Portrait de CYRILLE ERRANDONEA
C'est en fréquentant le même lycée que lui que j'ai rencontré Cyrille pour la première fois. A cette époque, je ne savais pas que je le retrouverai au sein de l'Université de Technologie de Troyes et que nous ferions nos études ensemble. C'est donc au cours d'interminables et ennuyeuses heures de cours que j'ai appris à le connaître.
Né en 1977, Cyrille grandit au sein d'une famille d'un type tout à fait commun et il mena durant sa jeunesse, une vie calme et paisible en cohabitation avec un frère plus âgé que lui. Cette cohabitation fut toutefois sous le signe d'une certaine rivalité entre Cyrille et son frère, une rivalité touchant la grande majorité des frères et soeurs.
Une ambiance familiale saine qui lui permis donc de poursuivre ses études sans aucun problème, si bien qu'au cours de sa scolarité, on le décrit souvent comme élève calme et assez travailleur, sa belle réussite jusqu'à présent pouvant en témoigner - Son Admission à l'Université de Technologie de Troyes- . Toutefois, il tient à signaler que ça n'a pas été constamment aussi simple, car son entourage ne lui a pas toujours témoigner tous les encouragements qu'il aurait mérité: " Personne ne croyait en moi ". Il dut ainsi souvent faire face à un manque de confiance de la part de ses proches.

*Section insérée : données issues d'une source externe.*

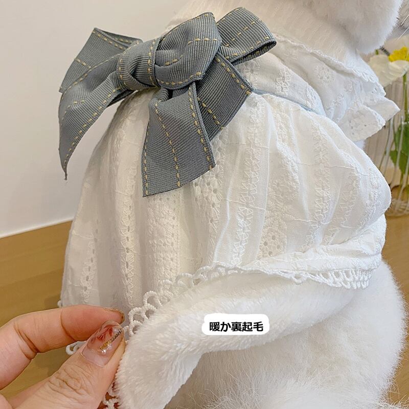 犬服 ファッション 小型犬服専門店 PUTI DOG 小型犬服 ドッグウェア 犬服 秋冬 子犬 超小型犬 ブラウス レース フリルネック 大きめ リボン 裏起毛 かわいい 室内着 お出掛け ドッグラン | 犬服 ファッション 小型犬服専門店 PUTI DOG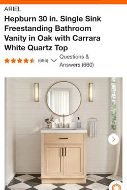 Hepburn 30 in. Single Sink Freestanding Bathroom Vanity in Oak with Carrara White Quartz Top$499Glendale, AZ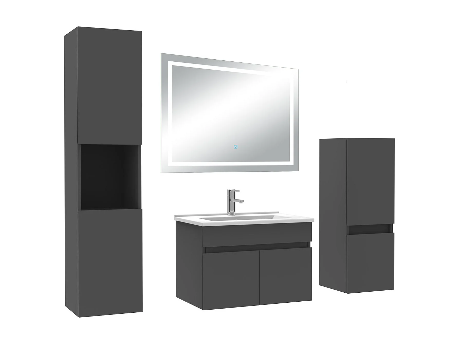 Ensemble meuble salle de Bain 60cm avec colonne + miroir mural lumineux 3 couleurs Anthracite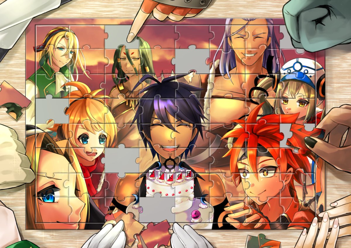 少し早いですが、祝!メギドの日!おめでとうございます!! 楽しい絵にしたいと思って、この絵が完成しました!メギドのジグソーパズルやってみたいなとか、一年早いなとか色々考えながら描いてて楽しかったです! #メギドの日展_イラスト部門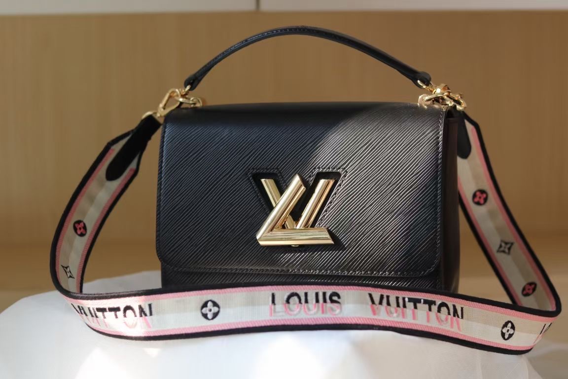 ルイヴィトンの人気ライン「ツイスト」をベースにしたショルダーバッグは、シンプルでありながら存在感のあるデザインが魅力です。ブラックカラーの落ち着いた雰囲気に、フロントのツイスト式ロゴ金具がアクセントとなり、上品で洗練された印象を演出します。付属のロゴ入りストラップがスポーティな要素をプラスし、現代的なスタイルに仕上がっています。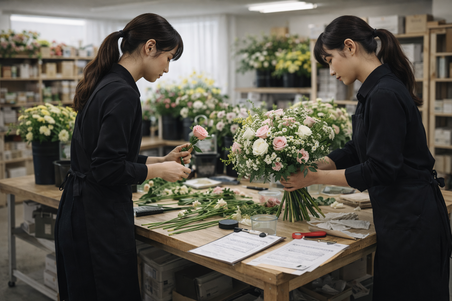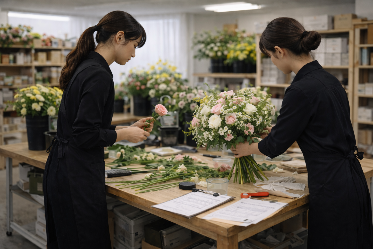 花屋の仕事を長く続けていくうえで大切なのは、制作技術だけではありません。 仕入れ、在庫管理、顧客対応、納品までを理解している人材は、現場で強く、 事業の中でも欠かせない存在になります。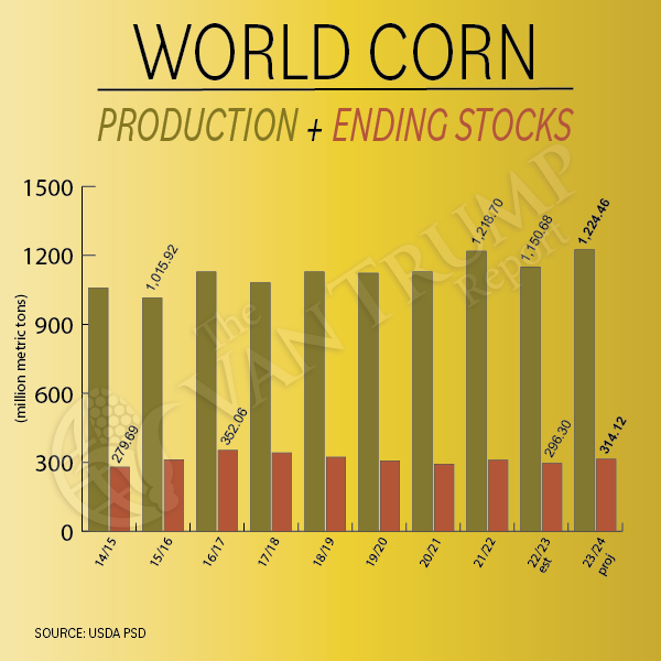 Tồn trữ đầu kỳ cho niên vụ 2023-2024 được dự báo tăng thêm 5 triệu giạ. Kết quả là nguồn cung tổng thể là 4,496 tỷ giạ, thấp hơn 79 triệu giạ so với ước tính của tháng trước. Về phía cầu, Bộ NN Mỹ giảm mức xuất khẩu 25 triệu giạ, khiến tổng lượng sử dụng giảm tương ứng. Kết quả cuối cùng là tồn trữ cuối kỳ giảm 55 triệu giạ, xuống còn 245 triệu giạ, cũng nằm trong phạm vi ước tính trước báo cáo.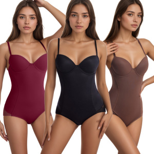 跨境吊带纯色塑身收腹连体衣女产后束腹收腰塑身胸罩托胸打底内衣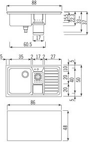 Skip Navigation LinksCategorie > Lavelli da incasso > Lavelli in acciaio > Lavelli 90 cm > Alpes 50x88/1V1B1S-E - gocciolatoio a destra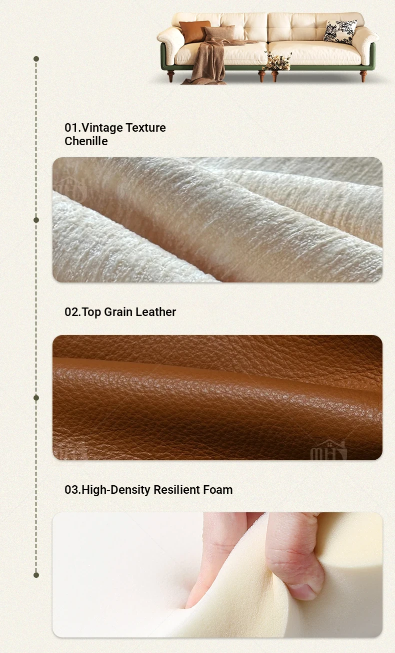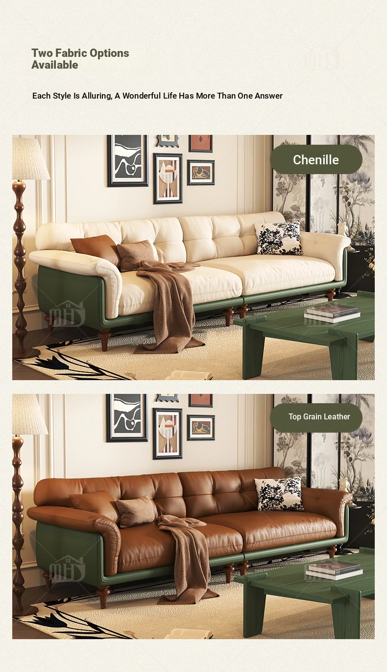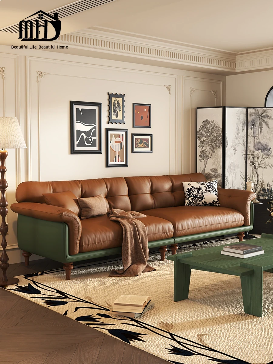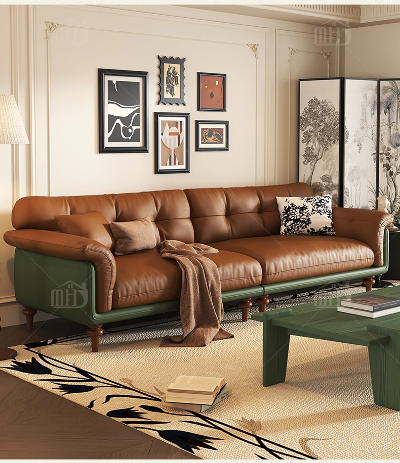 MHJ French Style Genuine Leather Sofa - Vintage American 3-Seater, Removable and Washable Fabric, Perfect for a Classic Home Aesthetic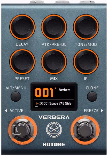 Pedál Hotone Verbera je duální digitální reverb utržený ze řetězu, který v sobě spojuje dva reverbové enginy, které můžete vzájemně míchat a vytvářet zcela nové kombinace zvuků. Tento mechanismus se nazývá konvoluce a poskytuje nevídané kreativní možnosti – spojte dva reverby do jednoho a objevte zcela unikátní efekt! V jádru pedálu se skrývá 120 prémiových IR, s jejichž pomocí můžete začít okamžitě vytvářet nové sonické textury. Pokud vám však tovární presety nevystačí, efekt vám nabídne 1024 slotů pro nahrání vašich vlastních IR. Efekt disponuje také funkcí IR Cloning, která vám umožní klonovat reverb z jiných efektů a převést je do vlastní IR. Tato ohromná sonická flexibilita dělá z efektu Verbera dokonalý nástroj pro živá vystoupení i studiovou práci.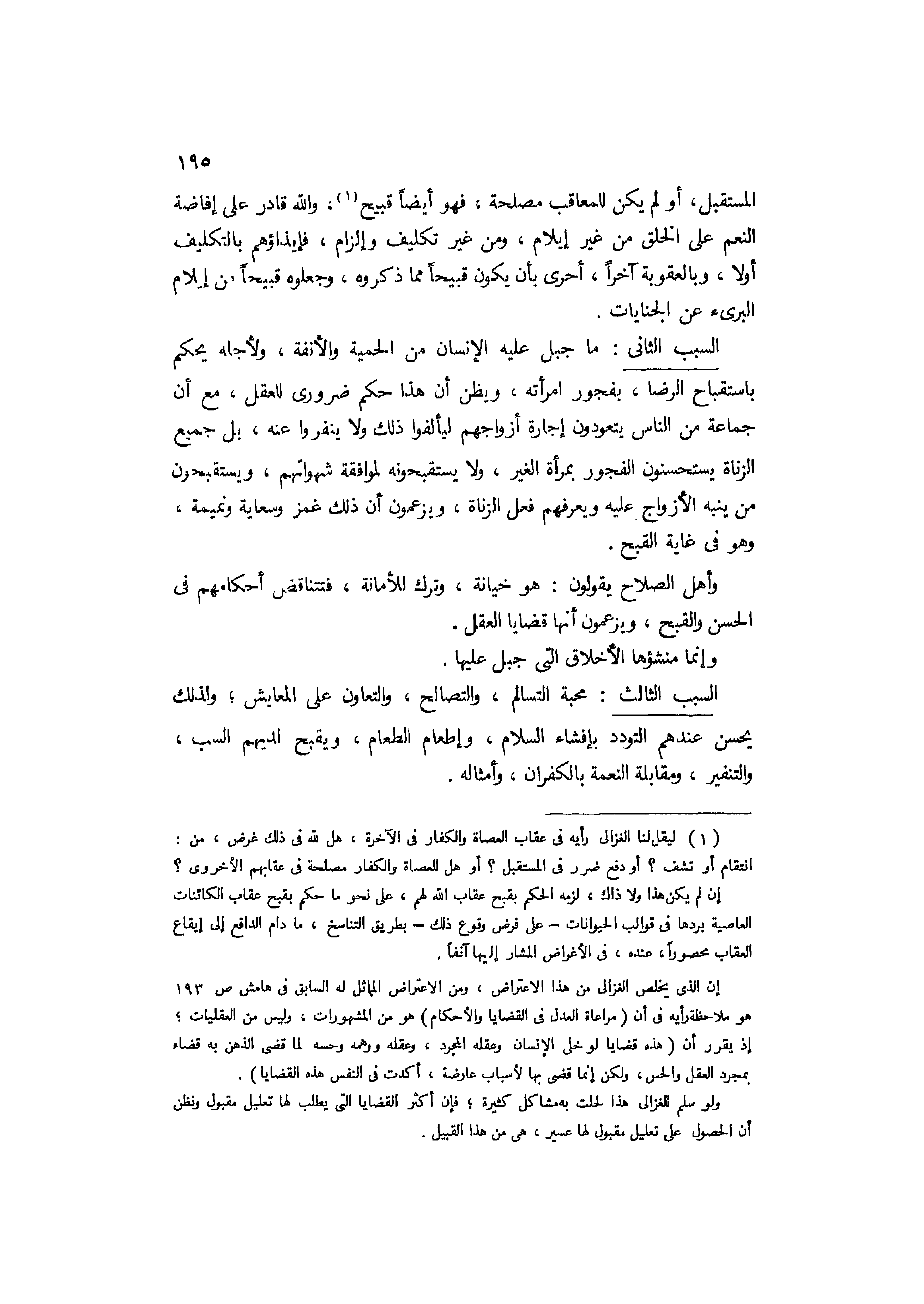 المستقبل أو لم يكن للمعاقب مصلحة فهو أيضا قبيح، والله قادر على إفاضة النعم على الخلق من غير إيلام، ومن غير تكليف وإلزام، فايذاؤهم بالتكليف أولا وبالعقوبة آخرا أحرى بأن يكون قبيحا مما ذكروه، وجعلوه قبيحا من إيلام البريء عن الجنايات.

Ce manque de confiance disparue enfin le jour où il rentra chez lui avec une mention assez bien au baccalauréat.
Comme la plus part de personnes de son âge, sa vie ne se résume pas seulement à aller l'école pour étudier. Il entretient toujours la même passion qu'il y a huit ans, à savoir, le football. C'est le plus grand de ses plaisirs et passionné, il l'est autant comme joueur que comme spectateur. Et quand on lui demande jusqu'à quel point celle-ci se manifeste, il nous répond: " Aller régulièrement à l'entraînement et rentrer le plus tôt possible pour regarder les matchs à la télé ". Et lui de rajouter: " Je vois le football plus comme un art que comme un sport ". Il se considère donc modestement, comme un artiste (il sourit). A côté de cela, ses activités restent diverses. Le foot n'étant pas sa seule passion, il ne refuse jamais de s'essayer à un nouveau sport ou à une nouvelle activité, ne serait ce que pour le plaisir de l'effort ou de la satisfaction personnelle.
Hormis ses nombreux intérêts pour les plaisirs de la détente, il est très focalisé sur son avenir. Sa joie et sa bonne humeur ne cache cependant pas un profond souci. Le chômage chez les jeunes lui fait aborder l'avenir avec une certaine crainte pour sa carrière professionnelle. C'est la raison pour laquelle il est très insistant et commence sérieusement à l'envisager. S'il est déjà quasiment fixé en ce qui concerne sa continuité au sein de l'Université, son avenir en tant que travailleur reste flou. Même s'il éprouve une certaine attirance pour le domaine de l'automobile et de son industrie, il reste selon lui la proie de l'incertitude et n'exclut pas un soudain changement d'opinion.
Cyrille apparaît donc comme un bon vivant menant sa vie en gardant la tête sur les épaules. C'est une personne très appréciée par son entourage, sa famille comme ses amis qui le considèrent comme quelqu'un de confiance, quelqu'un sur qui ils sont sûr de pouvoir compter.